What will be the remainder when $ 32^{32^{32}} $ is divided by 9?
I was able to solve this by using the cyclicity of remainders when $2^{2^n}$ is divided by 9. For $n$ =even it gave remainder 7 and for $n$ =odd it gave remainder 4. So using this I worked out the above to get answer as 4.
However, can there be a more concise way possible using some theorem like Fermat's or something else?
Best Answer
Euler's theorem says that any number coprime to $9$, raised to the sixth power is congruent to $1$ mod $9$. We have that $32$ is coprime to $9$, so $32^6\equiv 1 \mod 9$.

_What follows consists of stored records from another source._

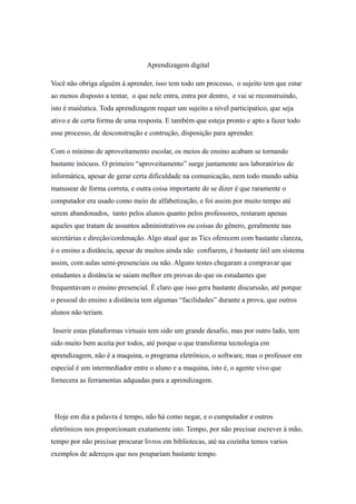 A aprendizagem requer disposição e envolvimento do aluno no processo de desconstrução e reconstrução do conhecimento. Embora os computadores tenham sido introduzidos nas escolas, raramente eram usados para alfabetização e acabaram sendo abandonados. Atualmente, o ensino a distância, embora ainda cause desconfiança, tem se mostrado útil, com alguns estudos indicando que alunos a distância podem ter melhor desempenho em provas.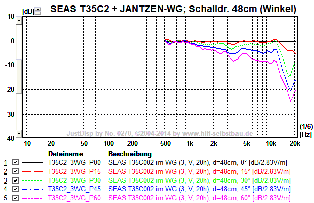 | SEAS T35C002 + JANTZEN-Waveguide | 370 + 90 | 35 | 165 | 27.5 | 1250 |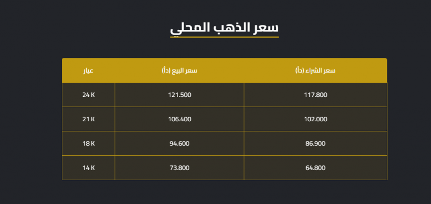 وكما بلغ سعر الغرام الواحد من الذهب عيارات 24 و18 و14 لغايات البيع من محالّ الصاغة 121.50 دينار و 94.6 و 73.8 دينارا على التوالي.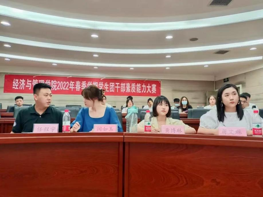 5月5日下午,9728太阳集团于教11-320顺利举办2022年员工团干部素质能力大赛,院团委书记闫如玉、辅导员黄博琳、蒋艾琳、任程宇和黎舒婷出席本次活动。活动由文艺部裴延主持。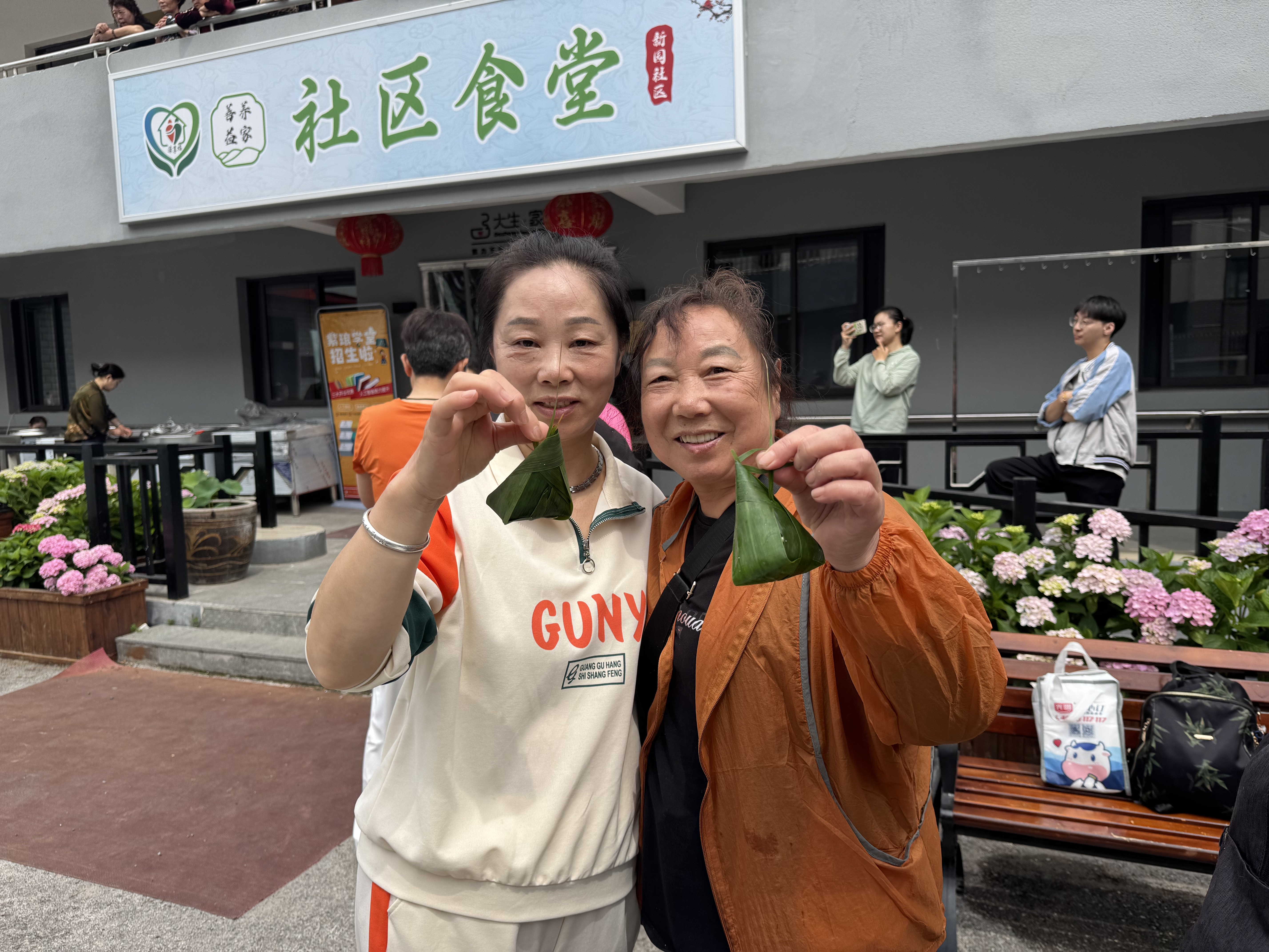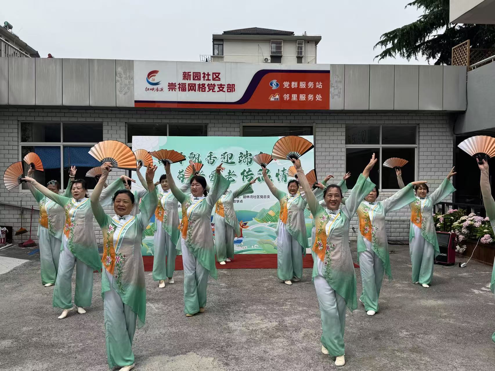 现场另一侧的包粽子区域热闹非凡,20名志愿者与老年居民协作,折叶、填米、扎绳,动作娴熟。年轻志愿者虚心请教,老年居民耐心指导,欢声笑语中传递着代际温情。崇川区老年大学学员带来八段锦表演,动作整齐舒展;歌舞节目《茉莉花》旋律悠扬,舞姿轻盈,赢得观众阵阵掌声。
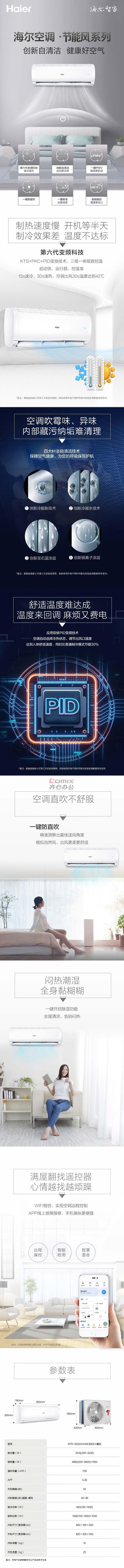 海尔(Haier) KFR-35GW/A1MCB83U1 1.5匹 三级 变频 分体壁挂式空调 (计价单位:台) 白色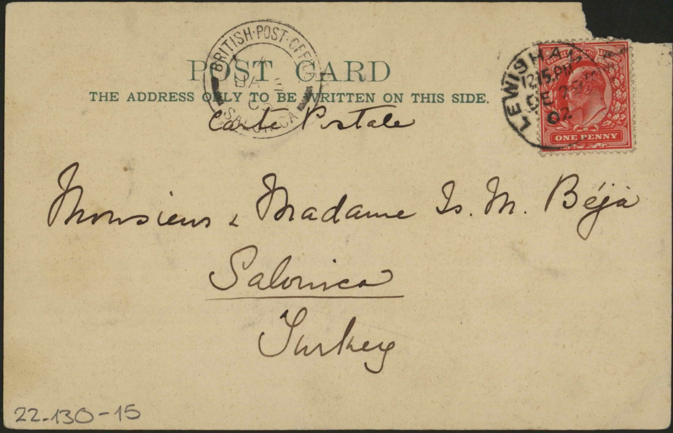 From Mr. Salberg to Monsieur & Madame Is. M. Beja, Salonica, Turkey. "Best wishes for a very happy New Year. … Salberg."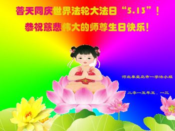 普天同庆世界法轮大法日“5.13”! 听师父的话,走好走正助师正法的路。 河北秦皇岛一学法小组敬上 2015年5月6日 恭祝慈悲伟大的师尊生日快乐! 普天同庆世界法轮大法日“5.13”! 听师父的话,走好走正助师正法的路。 河北秦皇岛一学法小组敬上 2015年5月6日 河北省秦皇岛大法弟子恭祝师尊生日快乐!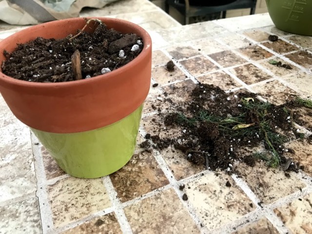 When I went out yesterday to check on them, the thyme and parsley were fine. The dill, however, looked like this…..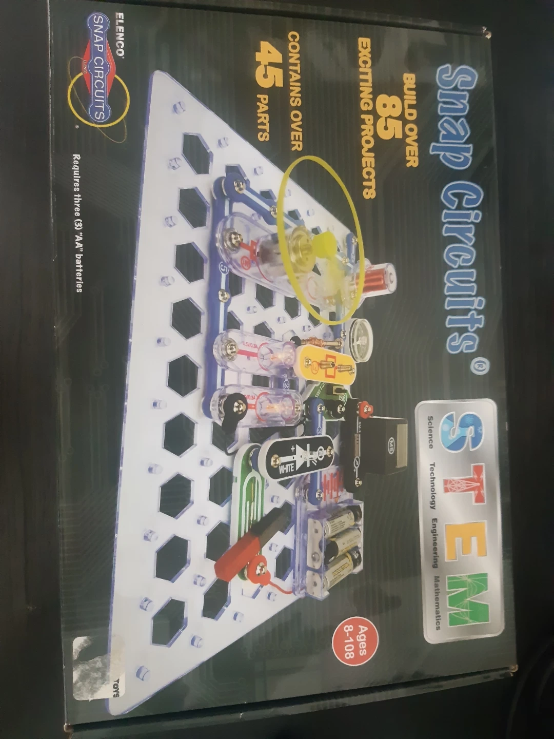 Selling a Snap Circuits STEM kit by Elenco! It's a fun way to learn about electronics and build over 85 exciting projects. The kit contains over 45 parts and includes one large base grid. Recommended for ages 8-108. Requires three (3) "AA" batteries.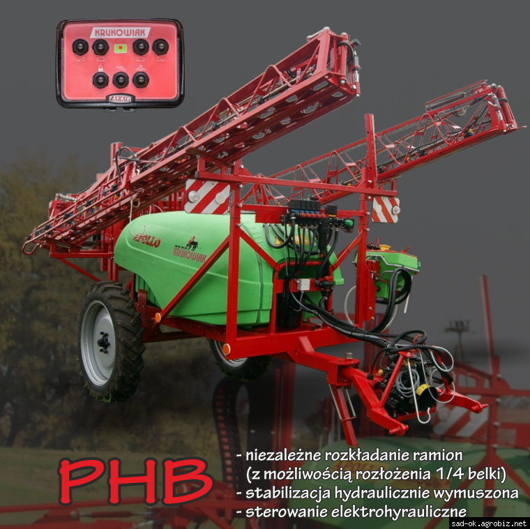 Балки типа PHB (15, 16, 18, 20 и 21 м) – балки полностью управляемые электрогидравлически, независимое складывание (асимметрично) вдоль оси опрыскивателя; все функций балки управляемые гидравлически (складывание, раскладывание, поднимание, стабилизация, а также блокада стабилизации) из пульта управления.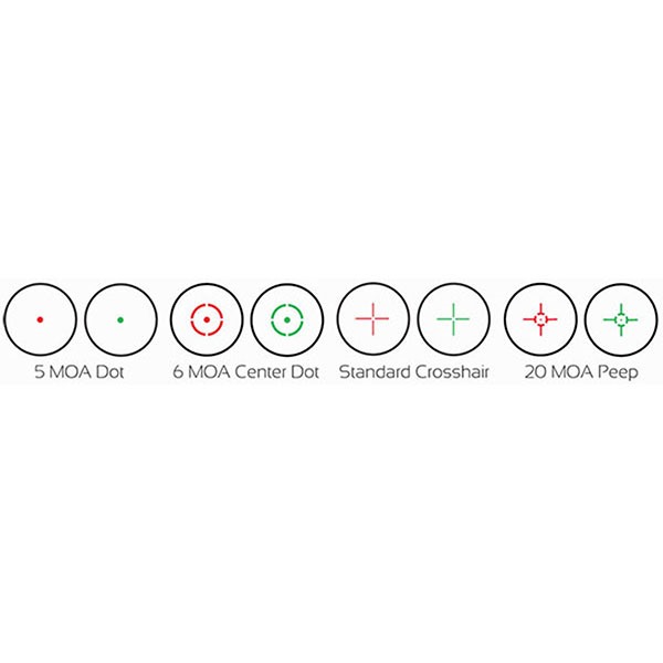 - Multi-Reticle/Dual Color (MR/DC) model with four reticle settings: 10 MOA dot, 15 MOA peep, 3 MOA center dot, and standard crosshair.

Now, we need to know what the exponent $32^{32}$ is mod $6$. By the chinese remainder theorem, we can reduce to mod $2$ and mod $3$. The exponent is obviously even, so it's congruent to $0$ mod $2$. It then remains to check congruency modulo $3$. We have (working mod $3$): $$ 32^{32} \equiv 2^{32} \equiv (2^2)^{16} \equiv 1^{16} \equiv 1 $$ so that finally we get $32^{32}\equiv 4$ mod $6$.
Back to the original question, this means that for some natural number $n$ $$ 32^{32^{32}} = 32^{6n + 4} \equiv 32^4 \equiv 5^4 \mod 9 $$ This is not too difficult to calculate, since $5^2 = 25 \equiv -2$ mod $9$, so $5^4 \equiv (-2)^2 \equiv 4$.